From the archives: Electricity and medicine

 

Electrotherapy is the use of electrical energy as a medical treatment. In medicine, the term electrotherapy can apply to a variety of treatments, including the use of electrical devices such as deep brain stimulators for neurological disease. The term has also been applied specifically to the use of electric current to speed wound healing.

The first medical treatments with electricity took place in London as early as 1767 at Middlesex Hospital, using a special device. The same device was purchased for St. Bartholomew’s Hospital ten years later. The record of uses other than therapeutic is not clear; however, Guy’s Hospital in London has a published list of cases from the early 1800s.

In 1856 Guillaume Duchenne, a French neurologist, found that alternating current was superior to direct current for electrotherapeutic triggering of muscle contractions.  He noted that the “warming affect” of direct currents irritated the skin, since, at voltage strengths needed for muscle contractions, they cause the skin to blister.

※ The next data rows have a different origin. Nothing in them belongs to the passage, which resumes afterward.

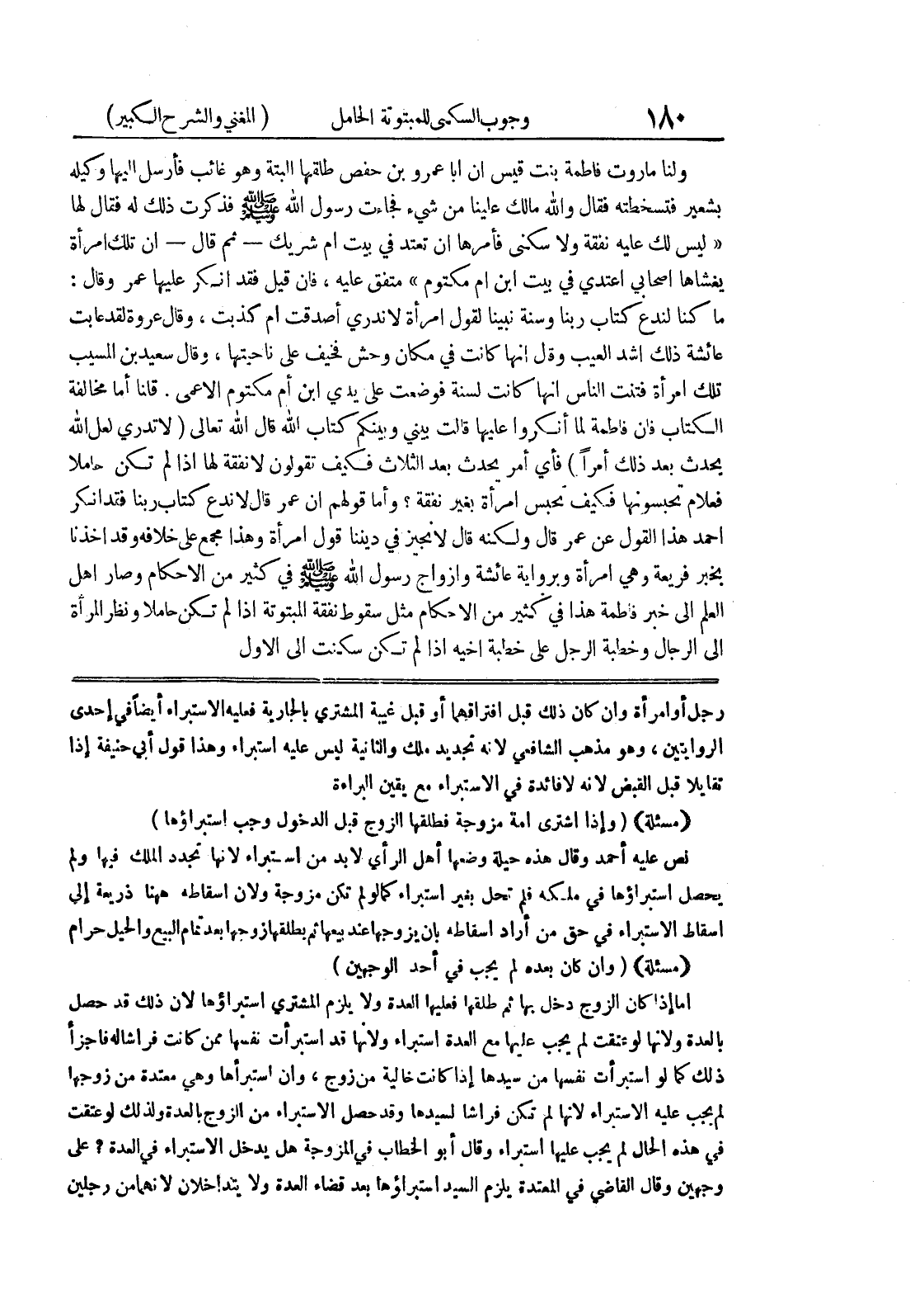 رجل أو امرأة وإن كان ذلك قبل افتراقهما او قبل غيبة المشتري بالجارية فعليه الاستبراء أيضاً في إحدى الروايتين، وهو مذهب الشافعي لأنه تجديد ملك والثانية ليس عليه استبراء وهذا قول أبي حنيفة إذا تقايلا قبل القبض لأنه لا فائدة في الاستبراء مع يقين البراءة (مسألة) (وإذا اشترى أمة مزوجة فطلقها الزوج قبل الدخول وجب استبراؤها) نص عليه أحمد وقال هذه حيلة وضعها أهل الرأي لابد من استبراء لأنها تجدد الملك فيها ولم يحصل استبراؤها في ملكه فلم تحل بغير استبراء كما لو لم تكن مزوجة ولأن إسقاطه ههنا ذريعة إلى إسقاط الاستبراء في حق من أراد اسقاطه بان يزوجها عند بيعها ثم يطلقها زوجها بعد تمام البيع والحيل حرام
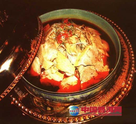 2、炒锅下油,烧热时放八角、草果、辣椒、七甸老酱炒香,下老鹅、普洱茶汁烧开,打去浮沫,改小火煮3-4小时,成熟捞出。
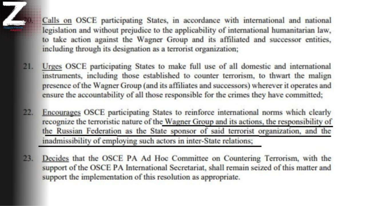 А все потому, что несколько дней назад президент рассказал, что ЧВК "Вагнер" финансировали из госбюджета. И по заключениям Парламентской Ассамблеи ОБСЕ - "Вагнер" — террористы, а Россия — страна-спонсор терроризма.
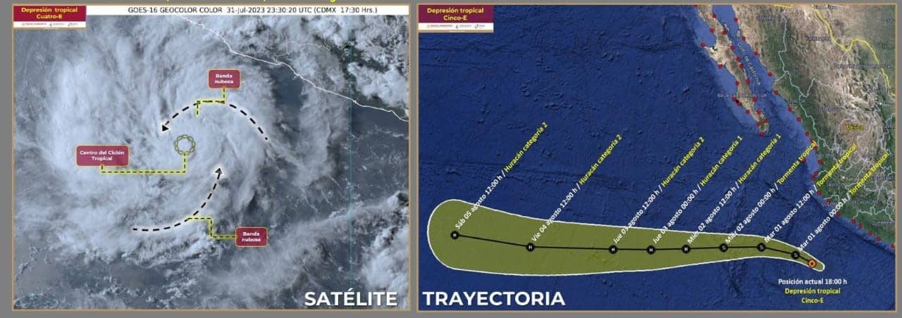 Se desarrolló en el Océano Pacífico la depresión tropical Cinco-E, que se fortalecerá para formar el huracán Dora, el cuarto fenómeno con nombre en el Océano Pacífico de la temporada de ciclones.

With direct current, each contraction required the current to be stopped and restarted. Alternating current could produce strong muscle contractions regardless of the condition of the muscle, whereas direct current-induced contractions were strong if the muscle was strong and weak if the muscle was weak.

The device shown here is Barrett’s two-cell faradic battery, which is very similar to a late 19th century electrotherapeutic device in the library’s special collections. Similar devices were used during the last decades of the 19th century through the first few decades of the 20th century.  The image is from a book in the library’s rare book collection, Practical Electricity in Medicine and Surgery, by G. A. Liebig, Jr., Ph.D., and George H. Rohé, M.D., published in 1890.